═════ Material provided ═════

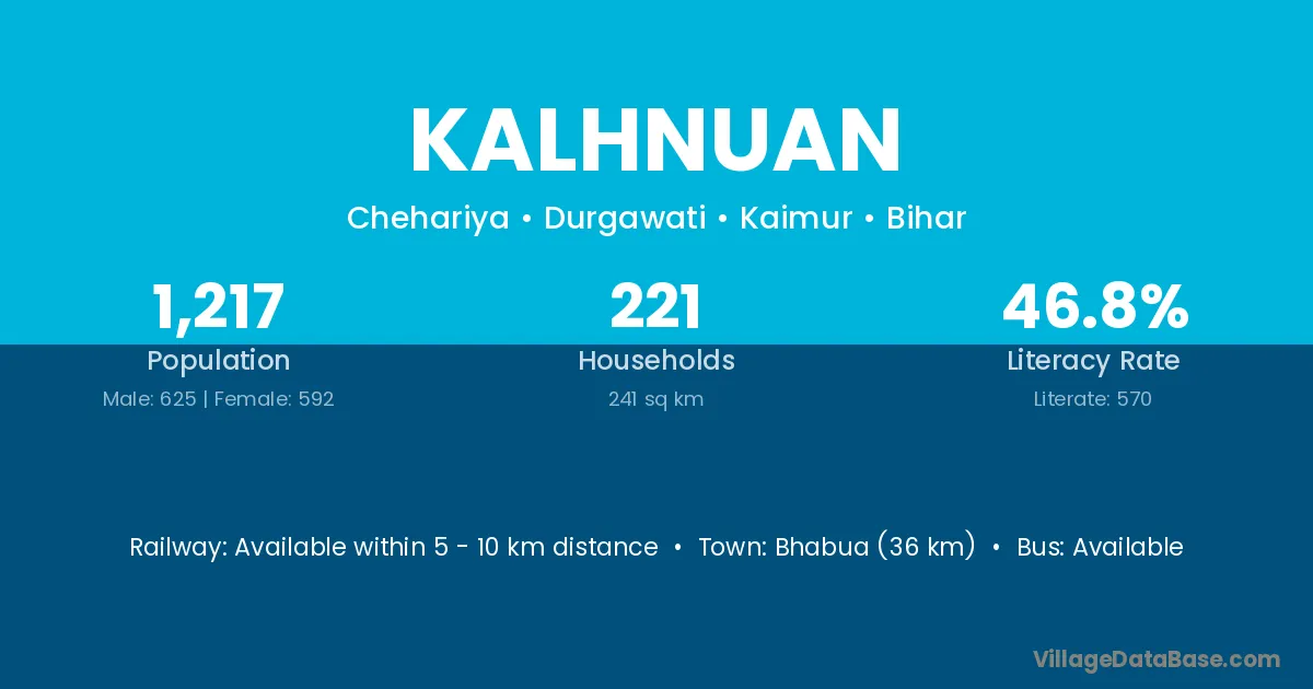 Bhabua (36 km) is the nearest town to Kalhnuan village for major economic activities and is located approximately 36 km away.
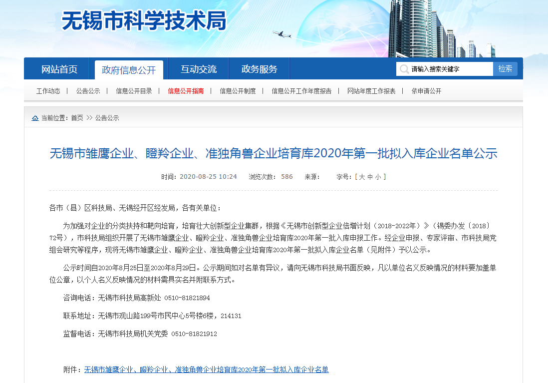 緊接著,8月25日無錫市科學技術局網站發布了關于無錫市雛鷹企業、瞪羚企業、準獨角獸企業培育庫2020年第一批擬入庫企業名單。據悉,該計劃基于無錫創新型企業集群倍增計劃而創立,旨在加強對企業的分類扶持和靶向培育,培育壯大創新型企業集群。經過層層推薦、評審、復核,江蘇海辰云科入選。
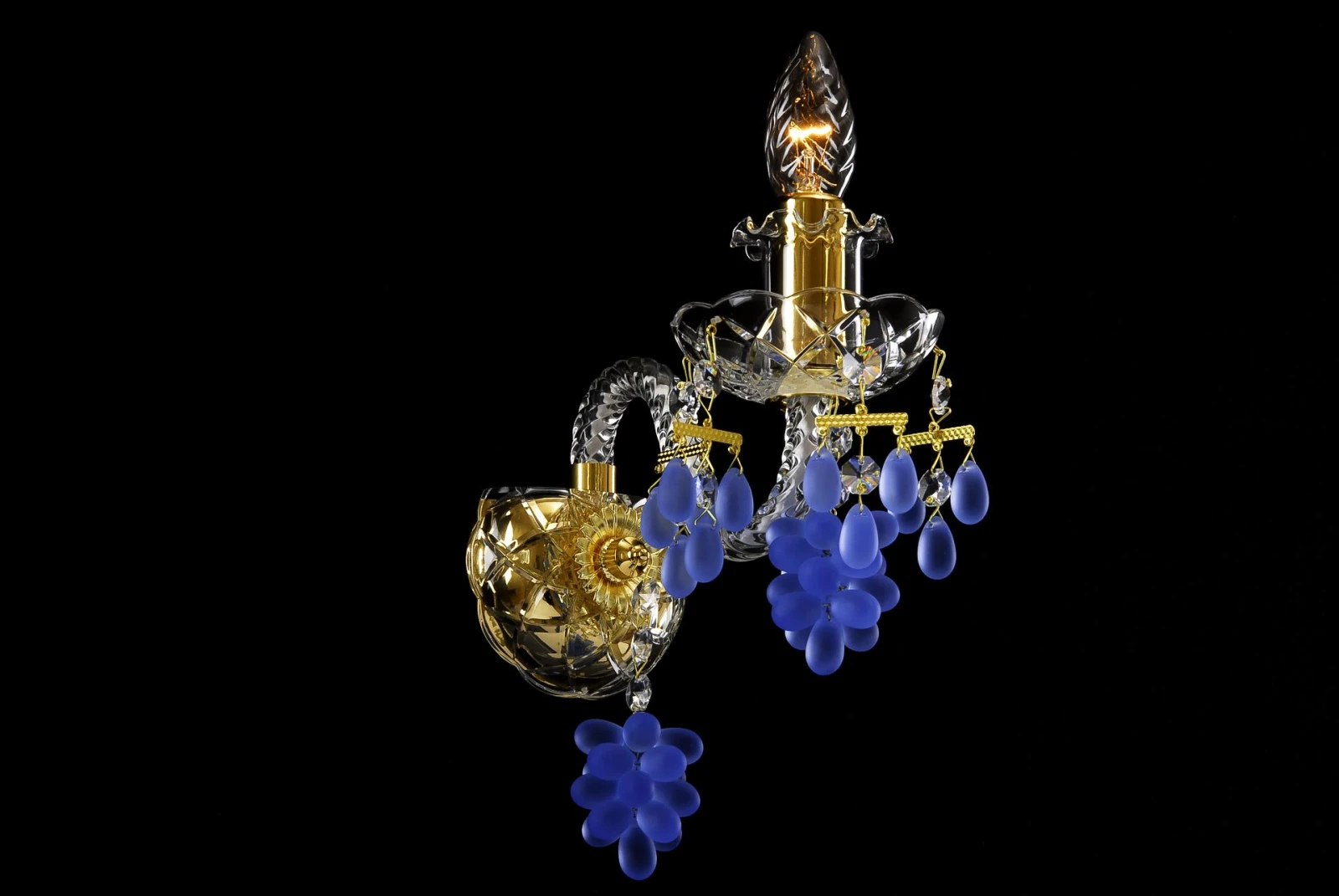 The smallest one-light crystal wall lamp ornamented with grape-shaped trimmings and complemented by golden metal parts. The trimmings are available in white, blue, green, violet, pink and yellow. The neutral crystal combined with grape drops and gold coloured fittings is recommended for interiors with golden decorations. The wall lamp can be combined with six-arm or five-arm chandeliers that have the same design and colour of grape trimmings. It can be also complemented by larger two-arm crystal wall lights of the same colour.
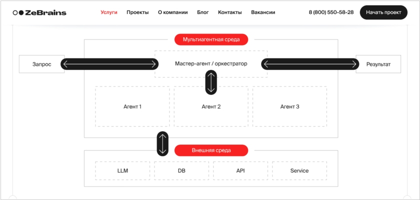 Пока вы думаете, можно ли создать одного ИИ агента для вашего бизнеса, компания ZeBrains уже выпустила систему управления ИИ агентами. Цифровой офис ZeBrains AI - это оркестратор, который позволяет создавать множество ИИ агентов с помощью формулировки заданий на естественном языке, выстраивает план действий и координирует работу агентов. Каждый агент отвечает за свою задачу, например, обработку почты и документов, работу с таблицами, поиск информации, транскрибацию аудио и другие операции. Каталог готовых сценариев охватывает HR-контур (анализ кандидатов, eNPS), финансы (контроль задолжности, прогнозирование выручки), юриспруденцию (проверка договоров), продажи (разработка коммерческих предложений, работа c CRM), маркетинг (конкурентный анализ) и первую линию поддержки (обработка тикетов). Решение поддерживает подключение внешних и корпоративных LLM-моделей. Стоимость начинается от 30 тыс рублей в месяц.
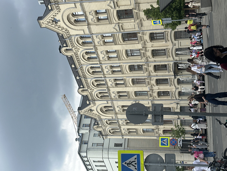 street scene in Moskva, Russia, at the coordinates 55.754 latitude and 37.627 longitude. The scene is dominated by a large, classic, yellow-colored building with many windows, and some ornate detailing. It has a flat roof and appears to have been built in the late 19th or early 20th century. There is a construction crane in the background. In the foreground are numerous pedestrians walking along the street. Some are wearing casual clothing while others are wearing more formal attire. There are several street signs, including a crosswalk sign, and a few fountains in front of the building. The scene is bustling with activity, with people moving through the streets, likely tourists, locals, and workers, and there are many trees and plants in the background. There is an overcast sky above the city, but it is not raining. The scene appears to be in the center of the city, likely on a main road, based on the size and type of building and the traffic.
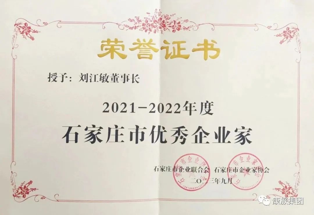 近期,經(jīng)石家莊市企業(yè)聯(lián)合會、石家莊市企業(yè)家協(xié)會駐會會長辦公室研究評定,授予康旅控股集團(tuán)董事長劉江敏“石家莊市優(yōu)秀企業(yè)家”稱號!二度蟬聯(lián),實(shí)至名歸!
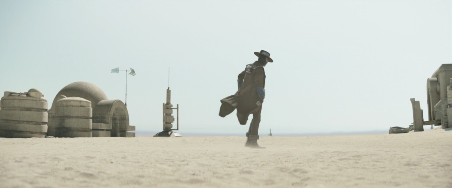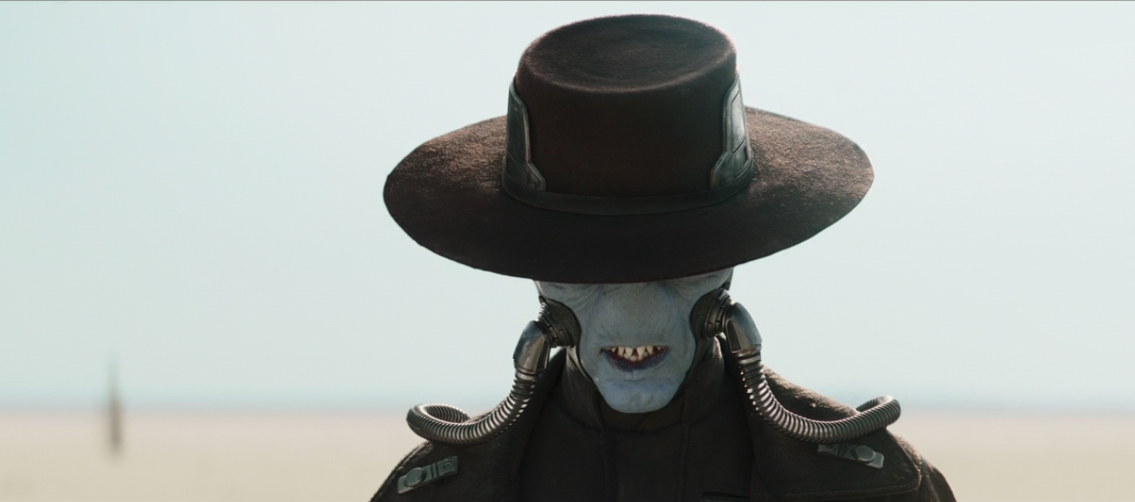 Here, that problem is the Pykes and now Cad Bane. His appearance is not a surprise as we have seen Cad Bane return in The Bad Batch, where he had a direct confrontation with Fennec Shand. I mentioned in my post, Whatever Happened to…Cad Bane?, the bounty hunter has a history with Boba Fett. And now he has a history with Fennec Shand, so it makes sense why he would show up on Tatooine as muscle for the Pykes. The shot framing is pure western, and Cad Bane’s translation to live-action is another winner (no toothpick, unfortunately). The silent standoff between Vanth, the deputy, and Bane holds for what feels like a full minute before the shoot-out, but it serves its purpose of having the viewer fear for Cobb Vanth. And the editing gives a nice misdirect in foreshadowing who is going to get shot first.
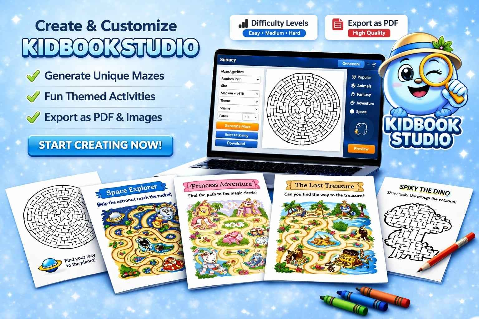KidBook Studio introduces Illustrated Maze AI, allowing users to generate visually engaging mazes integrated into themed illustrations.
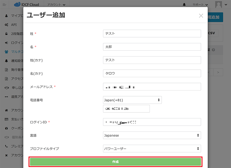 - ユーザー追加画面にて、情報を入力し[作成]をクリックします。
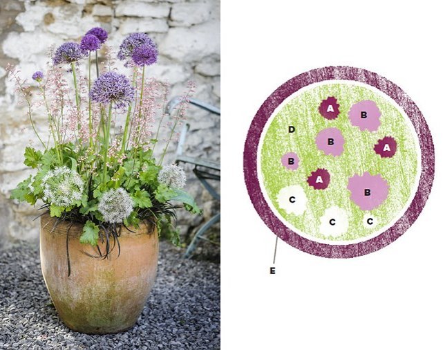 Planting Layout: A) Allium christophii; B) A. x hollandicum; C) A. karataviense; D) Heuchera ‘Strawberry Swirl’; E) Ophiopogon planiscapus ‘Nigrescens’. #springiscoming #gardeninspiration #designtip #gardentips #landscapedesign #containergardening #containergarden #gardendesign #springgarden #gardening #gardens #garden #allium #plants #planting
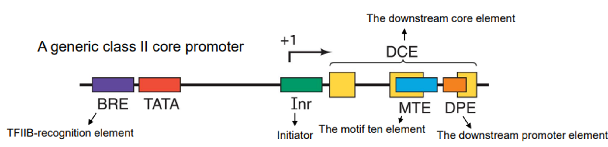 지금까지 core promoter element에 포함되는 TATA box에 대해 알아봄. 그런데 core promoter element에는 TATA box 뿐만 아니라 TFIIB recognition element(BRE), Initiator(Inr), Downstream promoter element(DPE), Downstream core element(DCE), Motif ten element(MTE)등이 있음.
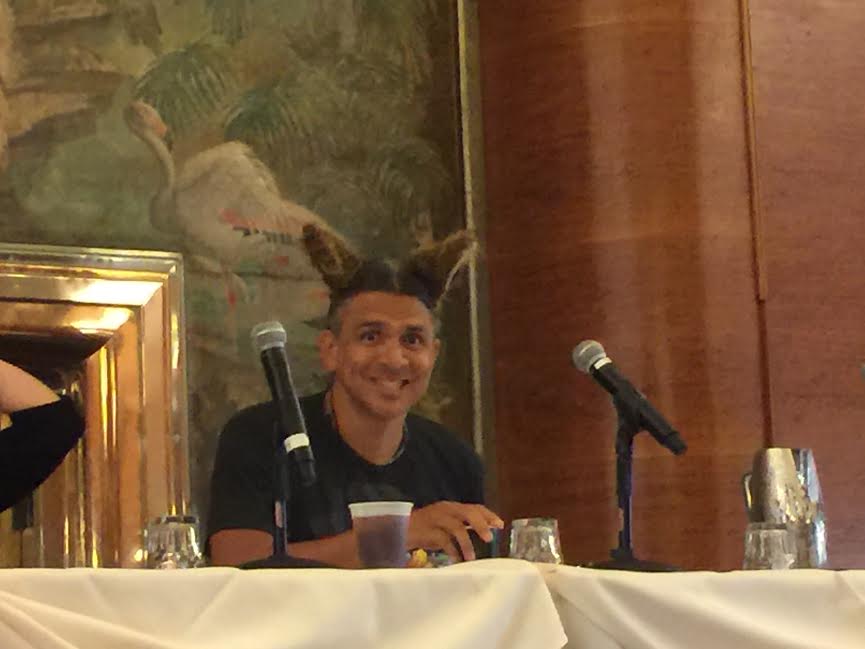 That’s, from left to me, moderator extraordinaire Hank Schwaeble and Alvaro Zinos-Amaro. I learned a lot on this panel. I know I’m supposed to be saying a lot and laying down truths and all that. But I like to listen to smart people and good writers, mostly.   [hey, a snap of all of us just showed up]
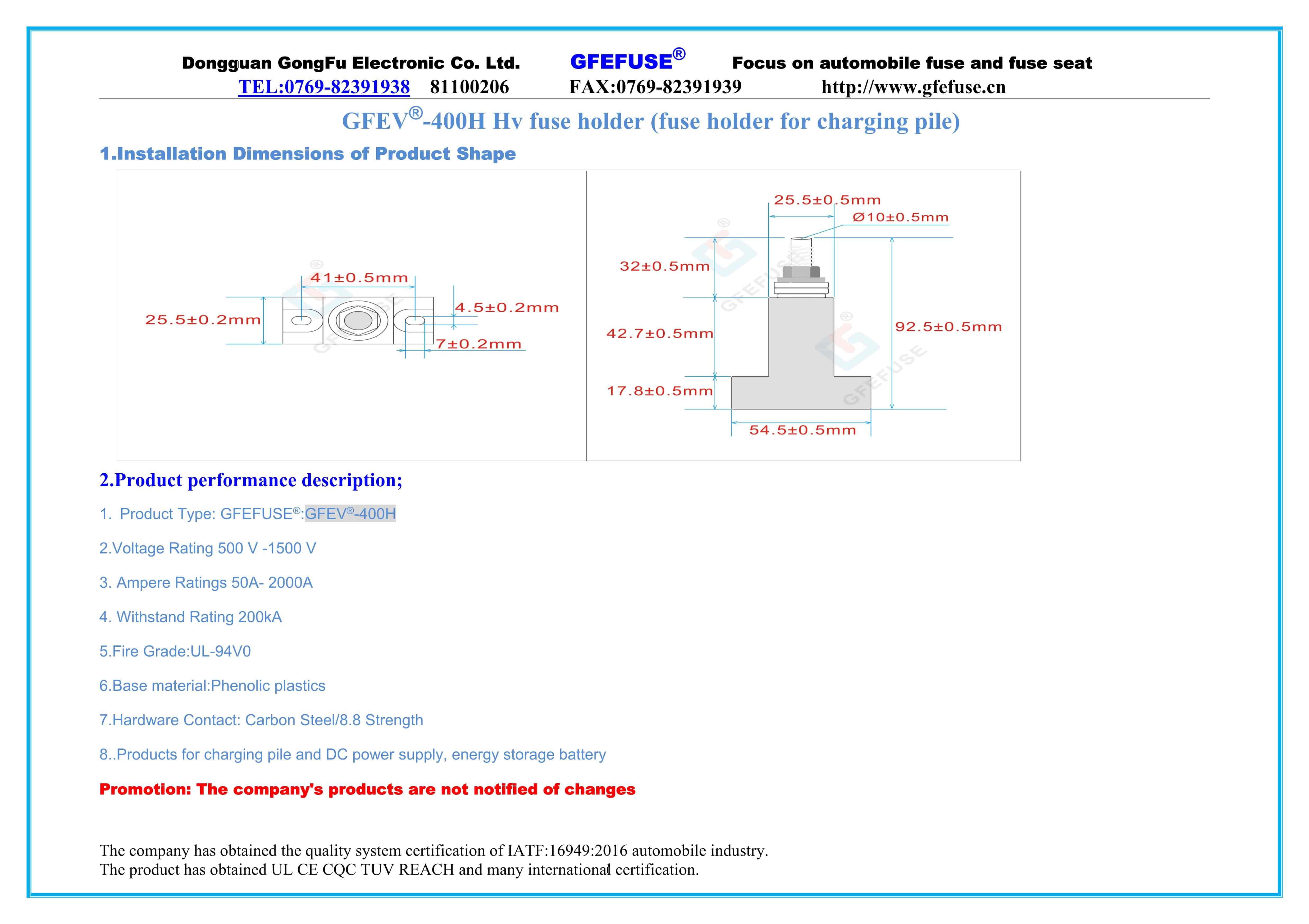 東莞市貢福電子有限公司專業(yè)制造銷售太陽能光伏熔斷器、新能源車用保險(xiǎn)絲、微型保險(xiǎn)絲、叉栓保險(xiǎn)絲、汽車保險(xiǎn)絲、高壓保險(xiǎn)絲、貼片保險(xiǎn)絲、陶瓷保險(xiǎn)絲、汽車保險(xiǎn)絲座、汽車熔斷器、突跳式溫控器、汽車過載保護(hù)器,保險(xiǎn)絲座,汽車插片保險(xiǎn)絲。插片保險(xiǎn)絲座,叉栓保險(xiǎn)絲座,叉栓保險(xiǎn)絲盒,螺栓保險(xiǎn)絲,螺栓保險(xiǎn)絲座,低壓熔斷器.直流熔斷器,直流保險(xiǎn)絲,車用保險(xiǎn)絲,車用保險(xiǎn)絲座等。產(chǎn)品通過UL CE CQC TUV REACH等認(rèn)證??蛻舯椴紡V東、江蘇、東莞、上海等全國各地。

═════

Work instruction:
An acceptable answer holds exactly the lines from the one with "Planting Layout: A)" through the end of the entries above, both ends kept, and no pictures at all.

Exercise solution:
 Planting Layout: A) Allium christophii; B) A. x hollandicum; C) A. karataviense; D) Heuchera ‘Strawberry Swirl’; E) Ophiopogon planiscapus ‘Nigrescens’. #springiscoming #gardeninspiration #designtip #gardentips #landscapedesign #containergardening #containergarden #gardendesign #springgarden #gardening #gardens #garden #allium #plants #planting
 지금까지 core promoter element에 포함되는 TATA box에 대해 알아봄. 그런데 core promoter element에는 TATA box 뿐만 아니라 TFIIB recognition element(BRE), Initiator(Inr), Downstream promoter element(DPE), Downstream core element(DCE), Motif ten element(MTE)등이 있음.
 That’s, from left to me, moderator extraordinaire Hank Schwaeble and Alvaro Zinos-Amaro. I learned a lot on this panel. I know I’m supposed to be saying a lot and laying down truths and all that. But I like to listen to smart people and good writers, mostly.   [hey, a snap of all of us just showed up]
 東莞市貢福電子有限公司專業(yè)制造銷售太陽能光伏熔斷器、新能源車用保險(xiǎn)絲、微型保險(xiǎn)絲、叉栓保險(xiǎn)絲、汽車保險(xiǎn)絲、高壓保險(xiǎn)絲、貼片保險(xiǎn)絲、陶瓷保險(xiǎn)絲、汽車保險(xiǎn)絲座、汽車熔斷器、突跳式溫控器、汽車過載保護(hù)器,保險(xiǎn)絲座,汽車插片保險(xiǎn)絲。插片保險(xiǎn)絲座,叉栓保險(xiǎn)絲座,叉栓保險(xiǎn)絲盒,螺栓保險(xiǎn)絲,螺栓保險(xiǎn)絲座,低壓熔斷器.直流熔斷器,直流保險(xiǎn)絲,車用保險(xiǎn)絲,車用保險(xiǎn)絲座等。產(chǎn)品通過UL CE CQC TUV REACH等認(rèn)證??蛻舯椴紡V東、江蘇、東莞、上海等全國各地。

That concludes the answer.